Announced in January and available since mid-February, the 17-inch MacBook Pro ranges in price from £1,949 for the unit I tested to £3,593.99. The MacBook Pro I tested came equipped with a 2.66 GHz Intel Core 2 Duo processor, 4GB 1066 MHz DDR3 RAM, a 320GB Serial ATA drive and an internal optical drive. It also came with the high-resolution glossy widescreen display.
The 17-inch MacBook Pro comes with two different graphics processors (GPUs), both from Nvidia. For power-saving utility work, there is the 9400M PCI GPU. For high-resolution graphics editing and gaming, there is the 9600M GT PCIe with 512MB of GDDR3 memory. Switching between the two requires the user to log-in again, and the difference in the GPUs’ power usage is substantial; the high-performance 9600M GT PCIe GPU should be used only when connected to external power.
The 17-inch MacBook Pro is visually impressive. However, what can’t be seen is equally striking; the built-in 95-watt-hour lithium-polymer battery. Apple engineers designed this battery to last for 1,000 charges, for an estimated life-span of five years. The battery charge provides up to eight hours of continuous, very light-duty use (with all power-saving features set to maximum, no use of the internal optical drive and the wireless network adapter active).
During tests at eWEEK Labs in San Francisco, we were able to reproduce that kind of battery life using the MacBook Pro. Even under heavier workloads, for example using the internal optical drive, the battery still provided close to five hours of continuous operation.

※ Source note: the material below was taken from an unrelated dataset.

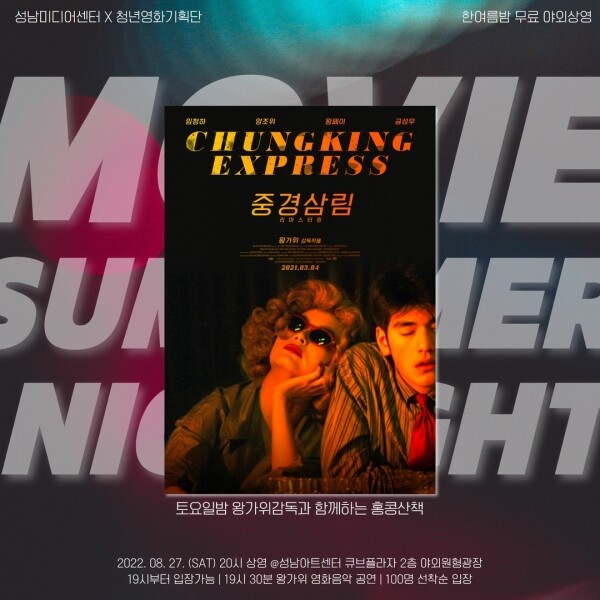 8월 27일 성남아트센터 내 큐브플라자 2층 야외공간에서 열리는 이번 무료 야외상영회는 ‘토요일밤 왕가위 감독과 함께하는 홍콩산책’이란 부제로 잠시 홍콩으로 여행을 떠난 듯한 분위기로 꾸며진다.

Apple provides several options for when your battery finally dies, ranging from a £99 battery replacement from Apple, to full system recycling. The only drawback that I found during testing is that users who often process heavy workloads in places where AC power is not available will find the sealed battery problematic since there is no way to pop in a fresh one. This is a real drawback, and could make some field work, such as managing plans at remote construction sites and survey work, off-limits for the 17-inch MacBook Pro.
The Multi-Touch trackpad that was introduced last October in the MacBook family, is outstanding. The entire trackpad is the button, there is no longer a button bar at the bottom of the pad and there are myriad ways to configure one-, two-, three- and four-finger gestures to customise navigation and image handling.
The trackpad is responsive without being susceptible to stray gestures, due to the separation of the palm/wrist resting area from the the trackpad. The large trackpad is also in proportion to the 17-inch display, which makes it easy to accurately move the pointer to the intended screen location.
There is one design choice that momentarily hampered my full use of the 17-inch MacBook Pro. Despite having nearly 163 square inches (1000 cm²) of surface area, the full-size keyboard lacks several convenient navigation keys, including [page up/down] and [home/end]. It was easy enough to use the key combination of [function] plus [up/down arrow], but I’d prefer a single key for these common actions.